2. The device as claimed in claim 1 wherein each module of the at least two modules is for performing a different biological process.

3. The device as claimed in claim 1 wherein each module comprises at least one mating portion, and the mating portion comprises a connection mechanism for connecting the module to another module.

4. The device as claimed in claim 3 wherein the connection mechanism of one module is one of a thread or a groove, and is connectable to the other of a thread or a groove of another module.

5. The device as claimed in claim 3 wherein the connection mechanism comprises a screw mechanism to connect together two modules.

6. The device as claimed in 3, wherein at least one mating portion of each module comprises a seal.

7. The device as claimed in claim 6 wherein the seal comprises a non-permeable membrane layer.

8. The device as claimed in claim 6 wherein the seal is formed of a permeable or semi-permeable material that filters the output from a module that is being input into an adjacent module.

9. The device as claimed in claim 6, wherein the mating portion of each module comprises a cutting mechanism for breaking the seal of an adjacent module.

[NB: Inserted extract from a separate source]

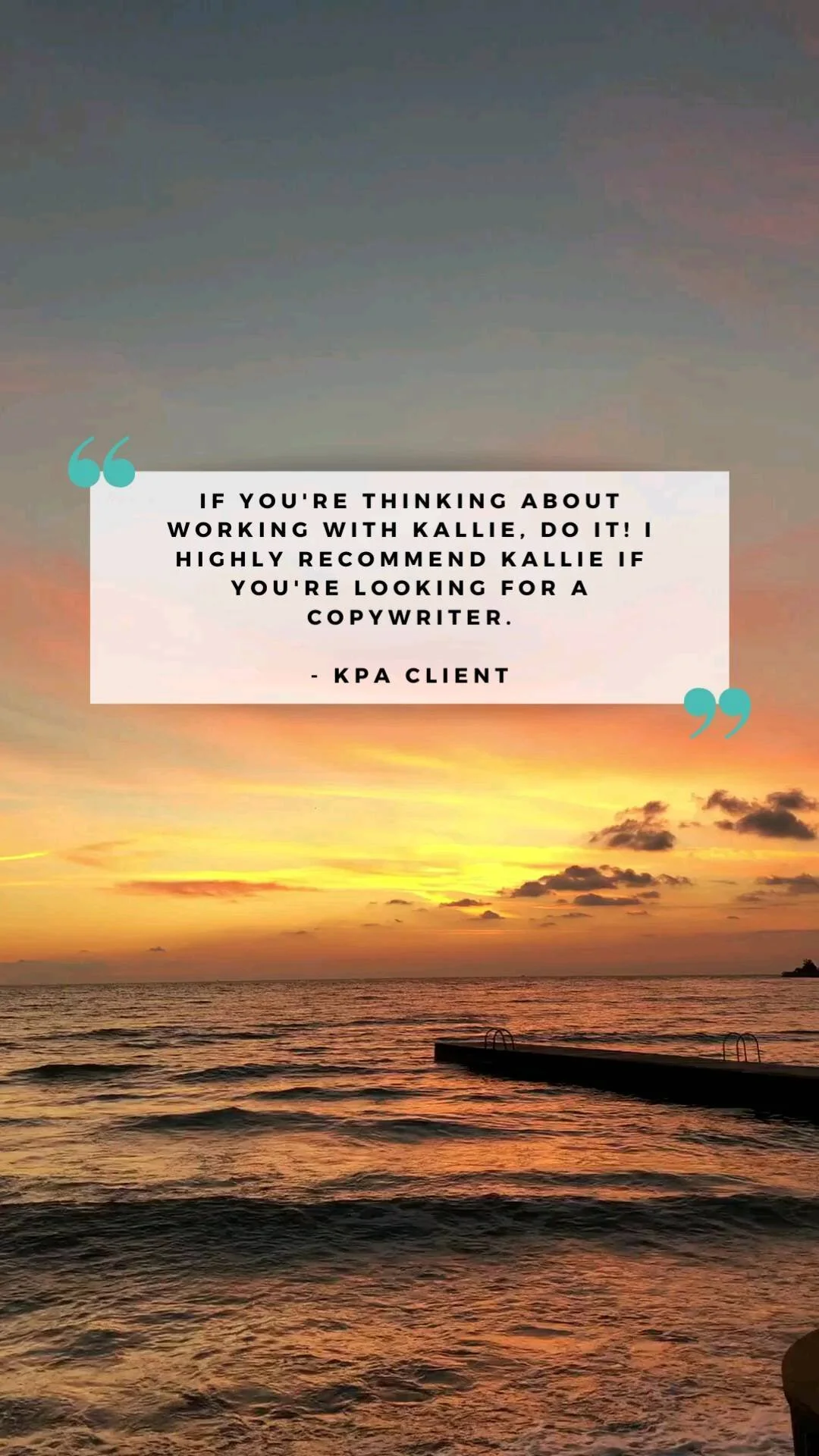 "I really enjoyed Kallie's genuine openness to help me learn about the copywriting industry. Not only was she willing to support me, she also made sure that I was learning which helped me to really understand that she loves what she does!"

10. The device as claimed in claim 9 wherein the cutting mechanism comprises any one or more of: a sharp edge, a sharp tooth, multiple sharp teeth, a serrated edge, a piercing element, a piercing and cutting element, a slicing element, and a scoring element.

11. The device as claimed in claim 9 wherein the cutting mechanism is part of the connection mechanism.

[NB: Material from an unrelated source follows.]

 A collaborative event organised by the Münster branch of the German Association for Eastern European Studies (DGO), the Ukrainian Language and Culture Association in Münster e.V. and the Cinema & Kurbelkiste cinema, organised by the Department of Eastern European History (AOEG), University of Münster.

12. The device as claimed in claim 9, wherein the cutting mechanism is activated by rotating one module relative to an adjacent module.

13. The device as claimed in claim 12 wherein the cutting mechanism is activated after the biological process performed by a module is complete.

14. The device as claimed in claim 3 further comprising a lid couplable to a mating portion of a module.

15. The device as claimed in claim 14 wherein the lid comprises a plunger arm and a plunger base.

16. The device as claimed in claim 14 wherein the lid comprises an opening for receiving a plunger arm of a plunger.

17. The device as claimed in claim 14 wherein the lid comprises a cutting mechanism for breaking the seal of a module when the lid is coupled to a module.

18. The device as claimed in claim 17 wherein the cutting mechanism comprises any one or more of: a sharp edge, a sharp tooth, multiple sharp teeth, a serrated edge, a piercing element, a piercing and cutting element, a slicing element, and a scoring element.

19. The device as claimed in claim 1 wherein each module is used to perform any one of: sample stabilisation, sample storage, enrichment, selective enrichment, filtration, centrifugation, DNA extraction lysis, DNA extraction washing, aerobic or anaerobic enrichment/culturing, chromatography, buffer exchange, mammalian cell culturing, phage isolation/enrichment, bacterial cell culturing, sample dilution, or processing environmental samples.

20. The device as claimed in claim 1 wherein a size of the device is compatible with laboratory equipment.